ASSIGNMENT:
Each line from the one holding "Interesting and informative" through the end of the records should be returned exactly, while pictures are skipped.

Records from a data source:
····················

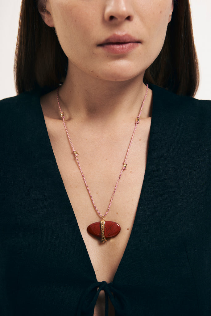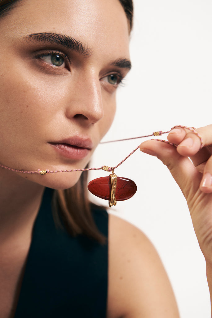 This design has a great protagonist, red Jasper; A stone associated with energizing the body, giving us strength and vitality. It is considered a stone of cleansing and balance.
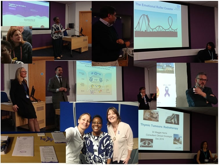 Interesting and informative presentations were given from the fields of oncology (Dr Rohit Lal, and Dr David Gilligan), surgery (Mr Andrea Billie), immunology and immunological complications (Dr Hana Alachkar), supportive care and survivorship (Dr Colsom Bashir), and radiotherapy (Dr Maggie Harris). There then followed a Q&A with Dr Yvonne Summers, and the specialist nurses Marrika Colvin and Marie Eaton. Notes from all the presentations are available to ThymicUK members.
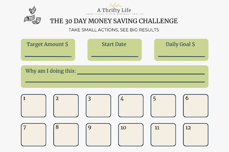 Stay committed to your savings goals with this free 30-day money-saving challenge tracker.
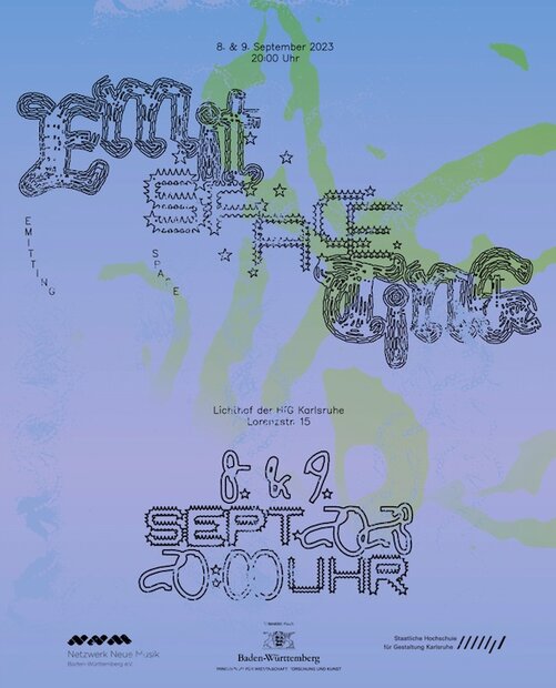An zwei Abenden findet in den einzigartigen Räumlichkeiten des Lichthofs der HfG eine ortsspezifische Komposition „Emitting Space“ des Hamburger Komponisten Michael Maierhof, gespielt vom LJE Landesjugendensemble Neue Musik Baden-Württemberg statt.
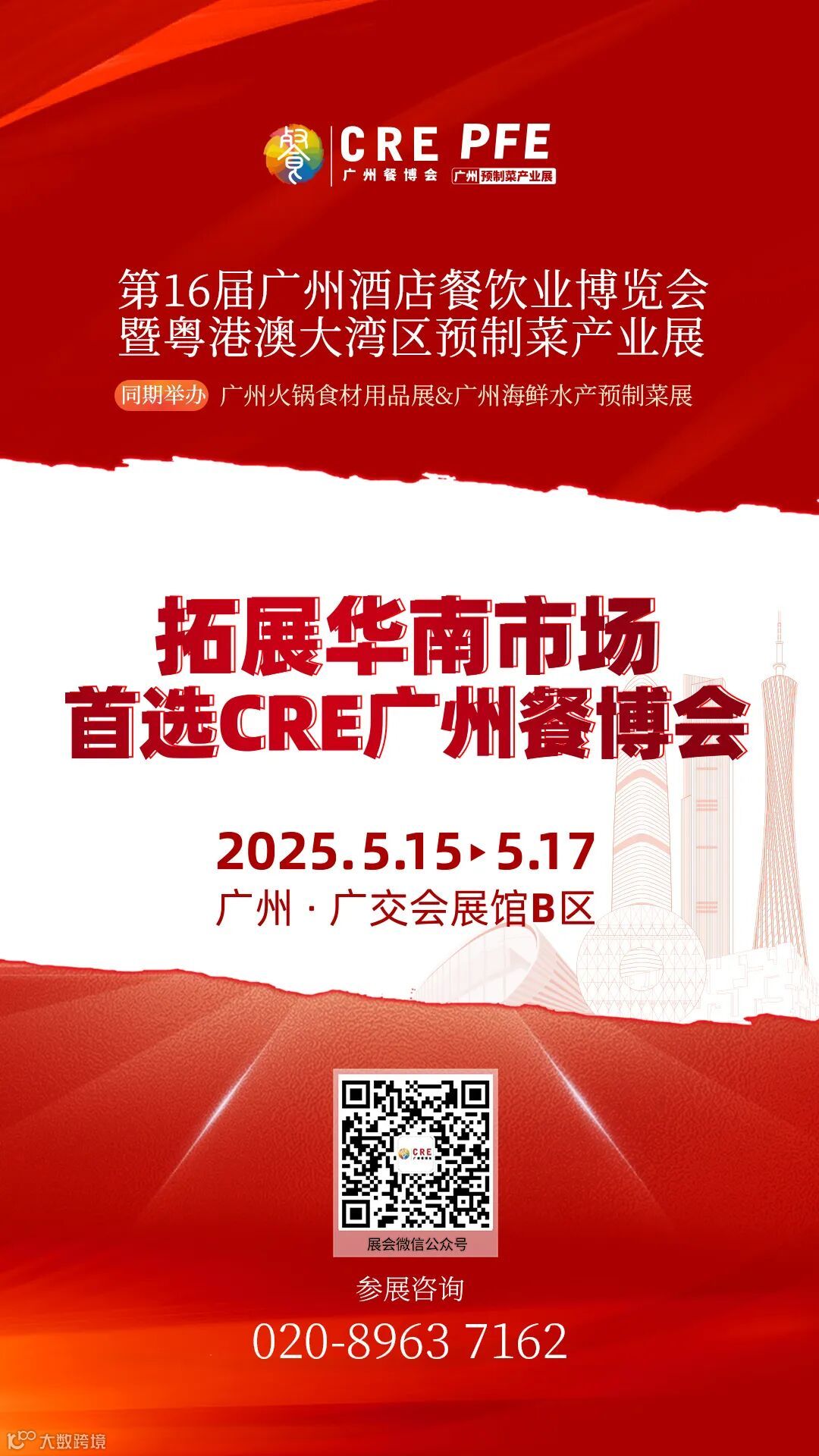 领取CRE·2025第16届广州酒店餐饮业博览会暨粤港澳大湾区预制菜产业展览会免费参观入场门票
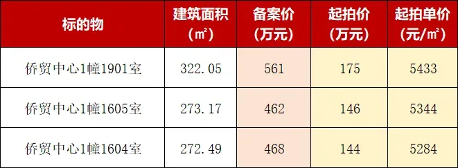 本次被法拍的3套房产,位于侨贸中心的16楼和19楼,产权归开发商所有,单套建筑面积在273㎡至322㎡之间,总起拍价465万元,折算下来,起拍均价仅约5358元/㎡。
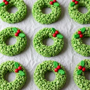 A nostalgic Christmas classic! Melt marshmallows and butter, tint the mixture green, then stir in Rice Krispies to form into small wreath shapes.
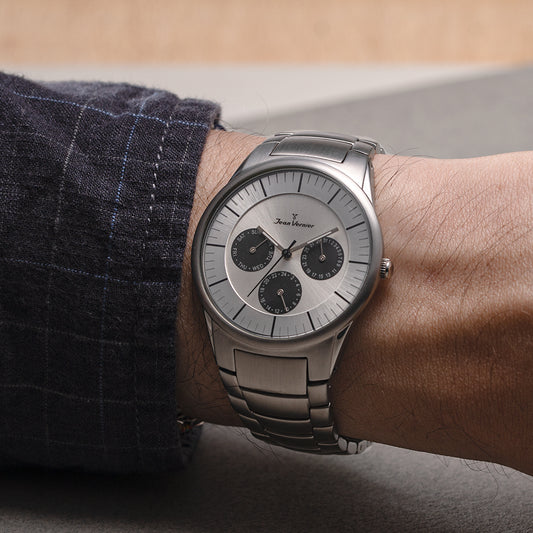 Relógio de Pulso Jean Vernier Prateado Cronógrafo JV62834

····················

RESPONSE TO THIS EXERCISE:
 Interesting and informative presentations were given from the fields of oncology (Dr Rohit Lal, and Dr David Gilligan), surgery (Mr Andrea Billie), immunology and immunological complications (Dr Hana Alachkar), supportive care and survivorship (Dr Colsom Bashir), and radiotherapy (Dr Maggie Harris). There then followed a Q&A with Dr Yvonne Summers, and the specialist nurses Marrika Colvin and Marie Eaton. Notes from all the presentations are available to ThymicUK members.
 Stay committed to your savings goals with this free 30-day money-saving challenge tracker.
An zwei Abenden findet in den einzigartigen Räumlichkeiten des Lichthofs der HfG eine ortsspezifische Komposition „Emitting Space“ des Hamburger Komponisten Michael Maierhof, gespielt vom LJE Landesjugendensemble Neue Musik Baden-Württemberg statt.
 领取CRE·2025第16届广州酒店餐饮业博览会暨粤港澳大湾区预制菜产业展览会免费参观入场门票
 本次被法拍的3套房产,位于侨贸中心的16楼和19楼,产权归开发商所有,单套建筑面积在273㎡至322㎡之间,总起拍价465万元,折算下来,起拍均价仅约5358元/㎡。
 A nostalgic Christmas classic! Melt marshmallows and butter, tint the mixture green, then stir in Rice Krispies to form into small wreath shapes.
 Relógio de Pulso Jean Vernier Prateado Cronógrafo JV62834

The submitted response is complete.